为了能适应强化学习的训练, 我们对数据预处理部分进行相关的修改:

将network feature看成state;
将label value看成action;

整个的获取mini-batches的过程如下, 这个是对应DQN, DDQN和actor-critic算法. Policy gradient会有所不同. 这一篇我们暂时只讲DDQN算法.

A mini-batch will be a subset of samples drawn at random from the dataset. (一个mini-batch是对整个dataset的随机抽样)
Each training pass is done with a different mini-batch that is updated by random sampling from the dataset.
In this case, a mini-batch is formed by n+1 random samples of the dataset.
Each training iteration of the algorithm will process all the samples of a mini-batch, and for each iteration a new mini-batch is built following the process shown in the above figure.
The model was trained for 10 epochs, where an epoch is a number of iterations enough to cover the complete dataset. (我们简单概括一下就是, 每一个iteration算法会处理一个mini-batch, 每一个iteration都会生成一个新的mini-batch. 一个epoch是由多个iteration组成的, 且一个epoch会整个dataset里的数据都过一遍. 对应到RL中, 一次iteration相当于是一次模拟, 最后是done, 一个epoch是进行了都次的模拟.)

模型细节介绍

在原文中使用了4中强化学习的模型, 并对这四种模型进行了一一介绍. 我们这里就先着重介绍DDQN和A2C的部分. 其中DDQN也是在实验中获得最好效果的模型. 可以学习一下这里是如何描述模型的, 把数据在模型中的流向绘制的非常清楚.

首先模型DDQN的总体结构如下所示.

对于上面的结构, 我们进行详细的说明:

简单描述一下上面结构的流程, 首先根据data, Q current function返回状态s下不同action的Q值, 再在Policy中根据Q值选择此时的最好的action. 于是此时有了Q(s,a). 同样, 我们对于状态s+1也是计算不同action的Q值, 计算出Q(s+1, a+1), 接着计算loss. (描述的有点简单, 这个就是和DDQN完全一样的, 结合DDQN算法看就能看懂)
A neural network (NN) is used as a function approximator for the Q Target and Q Current function. We have used a simple NN of 3-layers, with ReLU activation for all layers, including the last one to ensure a positive Q-value. (说明Q function使用的网络结构)
关于reward函数的介绍, The reward is a 1/0 reward associated, respectively, to a correct/incorrect prediction. 当我们预测的action和实际的label相同reward就是1, 预测错误reward就是0.
这里介绍关于discount factor的选择, 在这里我们要将discout factor设置的比较小. The best performance was obtained by applying a small value for the discount factor (λ). Small values of λ give more importance to learning the current reward, regardless of the succession of future rewards. This makes sense, considering that (1) the next state is uncorrelated with the present state, and (2) we are actually implementing a classifier disguised as a DRL algorithm, being the real goal to make a correct prediction for the current state (current reward).
最后当模型训练结束之后, 我们可以使用Q function来进行预测. 输入一个state, 选择返回Q值大的那个action, 也就是最后的预测结果. For a particular state, the Q function will provide a Q-value for each of the possible actions for that state. The predicted action is the one that maximizes the Q-value (no ε-greedy applied for prediction).

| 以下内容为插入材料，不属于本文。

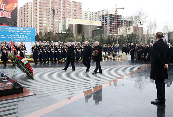 Bakü'deki Hocalı Anıtı'ndaki törene Cumhurbaşkanı İlham Aliyev ve Dışişleri Bakanı Mevlüt Çavuşoğlu'nun yanı sıra çok sayıda üst düzey yetkili katıldı.
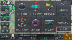 ルート案内中の現在地画面で[ルート]にタッチし、ルート画面を表示します。
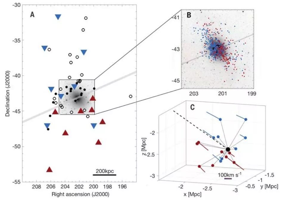 2月2日,一篇发表在《科学》杂志的新研究就指出,在邻近的椭圆星系半人马座A的周围环绕着一些“矮卫星星系”(较小的星系),它们在寄主星系周围的一个平面上进行同步旋转。这一发现与预期的结果并不相符。
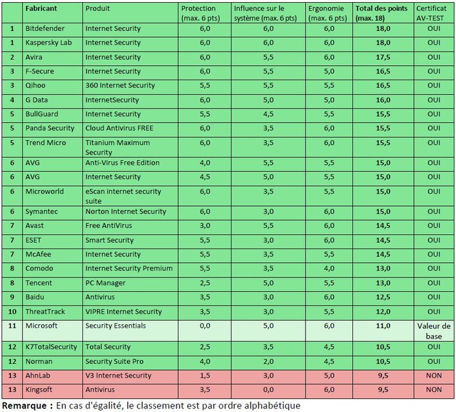 ont réussi à obtenir la note maximale de 18/18 : Bitdefender et Kaspersky Lab. La meilleure solution de protection gratuite n'occupe que la 5e place (AV-TEST, test des suites pour ordinateurs de bureau novembre/décembre 2013).
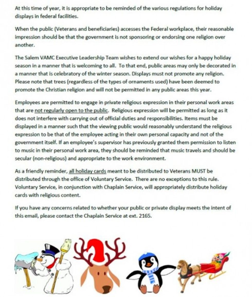 "The email directive muzzles the very religious diversity it purportedly promotes," the letter concluded. "Please respond to this letter in writing with assurances that the Salem VA will respect the rights of its employees and veterans it services."
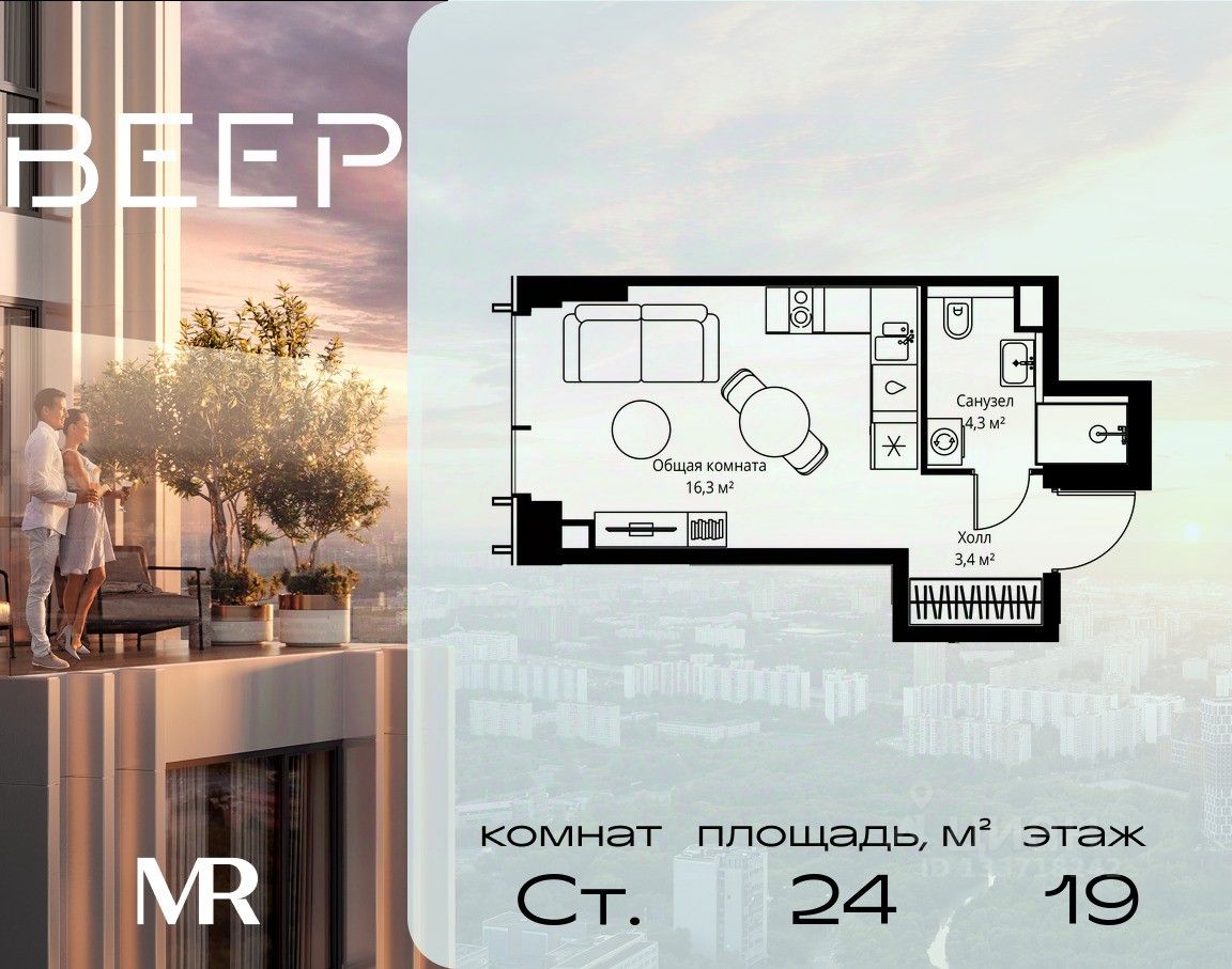 Продаётся студия общей площадью 24 м² без отделки в ЖК Веер на 19-м этаже 59 этажного дома.
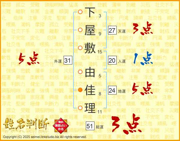 下(3画)屋(9画)敷(15画) 由(5画)佳(8画)理(11画)
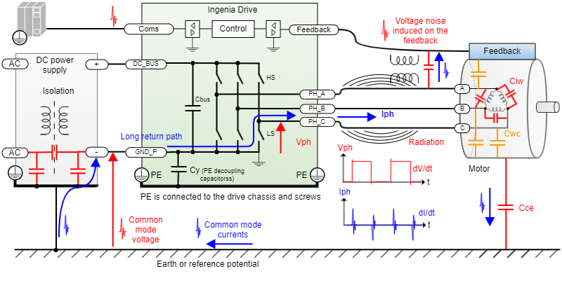 Note that many couplings do not necessarily occur on a single channel but as a combination of them. E.g. an inductive coupling from the motor cables to the encoder, being transferred via conductive coupling on the PCB to a communications port and then radiated through the communication cable.
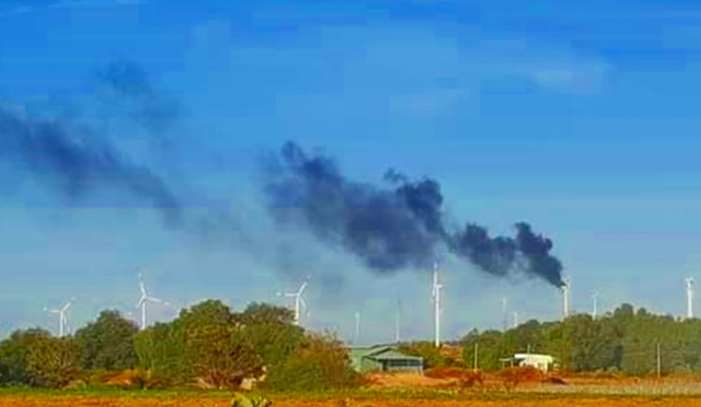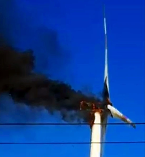 Theo những nhân chứng tại hiện trường, gần 7 giờ sáng, tuabin của một trụ điện gió bất ngờ bốc cháy dữ dội nghi do gặp sự cố kỹ thuật.
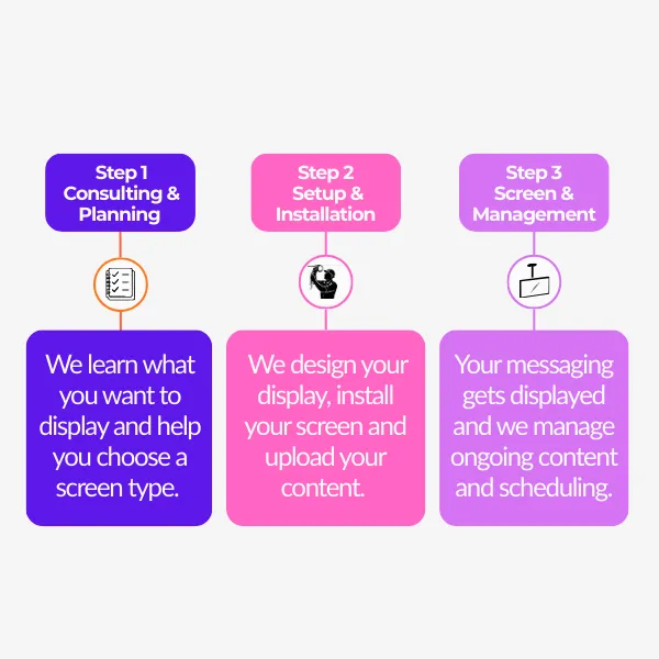 GlowTech makes in-store displays simple and stress-free. You can use your own screen or have us source one for you, and we’ll help you choose the setup that fits your space. Once installed, GlowTech manages the backend—content formatting, playlist updates, and ongoing screen performance—so you never have to deal with the tech.
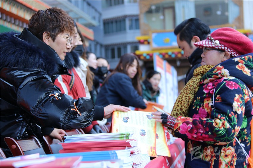 活動(dòng)現(xiàn)場(chǎng),工作人員為市民發(fā)放民族團(tuán)結(jié)進(jìn)步宣傳品、民族團(tuán)結(jié)進(jìn)步藏漢雙語(yǔ)宣傳教育讀本、宣傳畫(huà)、宣傳折頁(yè)、宣傳掛歷、《中國(guó)民族報(bào)》甘孜州民族團(tuán)結(jié)專(zhuān)刊、《民族》雜志甘孜州民族團(tuán)結(jié)專(zhuān)刊等各類(lèi)宣傳資料9800余份(本),擺放展板30個(gè)。來(lái)自丹巴縣的仁真說(shuō):”現(xiàn)在的幸福生活離不開(kāi)偉大的中國(guó)共產(chǎn)黨的領(lǐng)導(dǎo),也離不開(kāi)全國(guó)各族人民共同團(tuán)結(jié)奮斗、共同繁榮發(fā)展。”
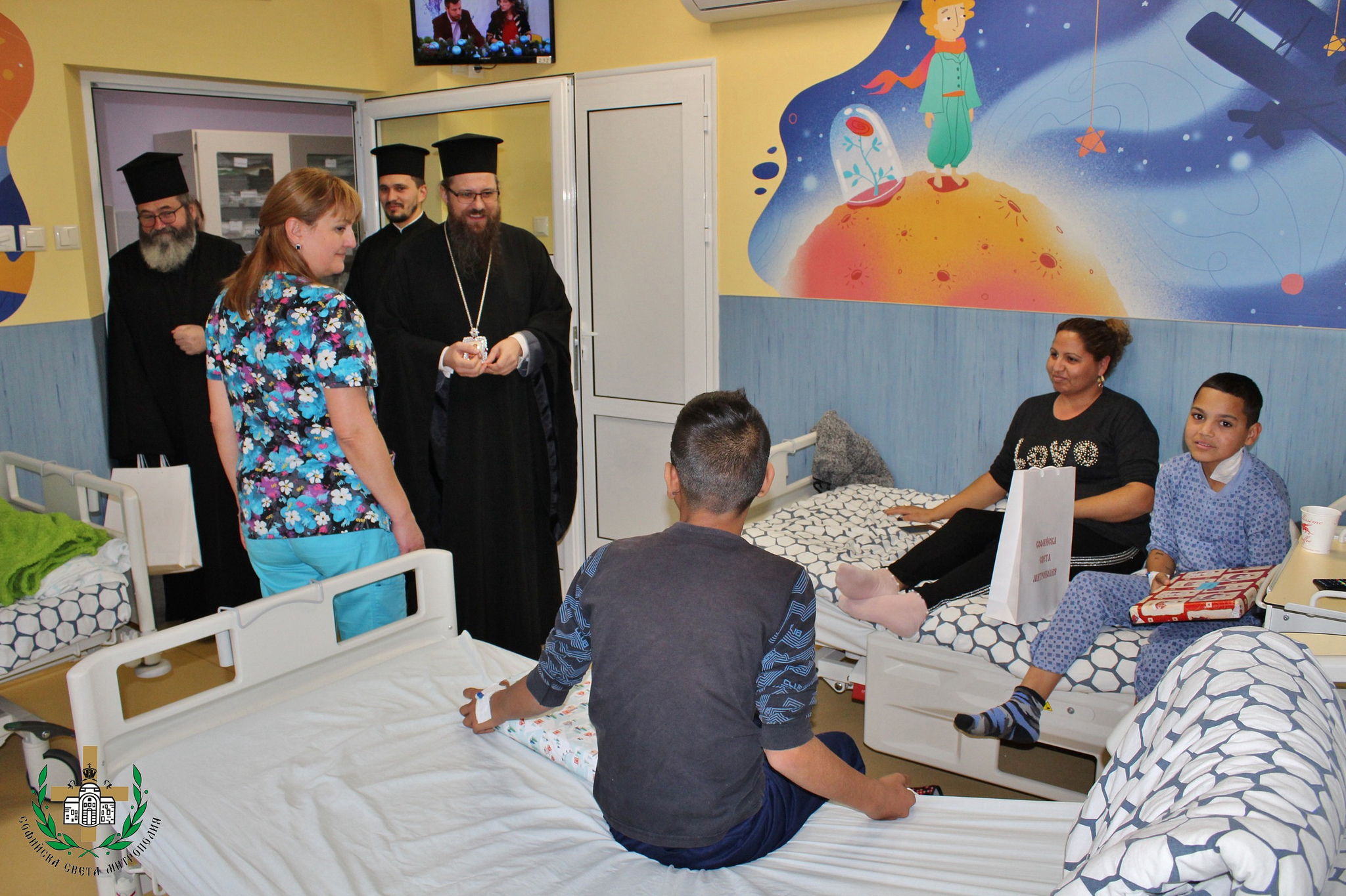 Епископ Поликарп и представителите на Светата митрополия обиколиха детското отделение, където малките пациенти получиха подаръци и благословение от името на Негово Светейшество патриарх Неофит.
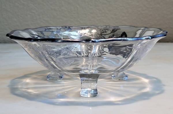 This three footed Candy Dish or Bowl is made by the Fostoria Glass Company. It is adorned with the “Flanders Poppy” design in sterling silver by the Silver City Company. The Poppy is the California State Flower! The design is sharp and crisp. From the 1920’s-1930’s. It measures 7” wide and 2 ½” high..
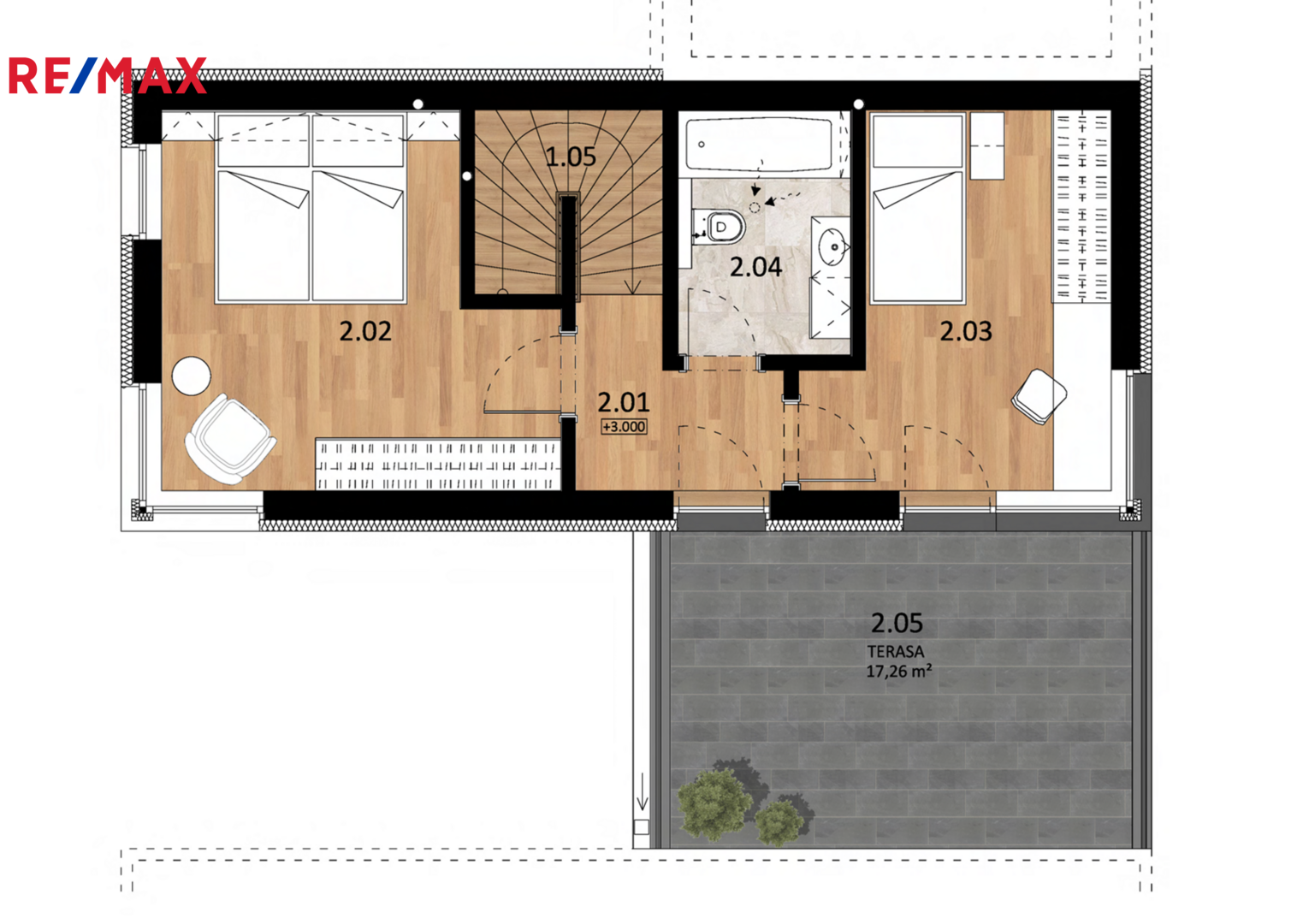 V patře jsou dva samostatné neprůchozí pokoje (14,32 m² a 11,2 m²), koupelna s WC (4,87 m²) a velká terasa o výměře 17,26 m².

下面是模型Actor-Critic模型的介绍, 下面是总体的结构图, 具体的训练细节就是和Actor-Critic是一样的.

这里需要说明一下, 在预测的时候, 我们就选择概率最大的action即可, 不需要进行sampling. (For prediction, in a similar way to the policy gradient model, we use the NN that implements the policy function, simply by selecting the action with the highest probability (without sampling).)

结果介绍

实验结果介绍部分是按数据集进行划分, 每个里面有三类实验:

NSL-KDD数据集
- 强化学习模型与其他模型的比较;
- 强化学习模型中取不同的discount factor对结果的影响;
- 强化学习模型与其他模型在训练时间上的比较;
AWID数据集
- 强化学习模型与其他模型的比较;
- 强化学习模型中取不同的discount factor对结果的影响;
- 强化学习模型与其他模型在训练时间上的比较;

首先是对NSL-KDD数据集, 强化学习模型与其他模型的比较(这个图片比较大, 原图可以查看原始论文). 其中关于传统模型的结果来自Lopez-Martin et al. (2019). (The main results for alternative ML models have been obtained from Lopez-Martin et al. (2019) where the NSL-KDD dataset was applied to several ML models in order to score them.)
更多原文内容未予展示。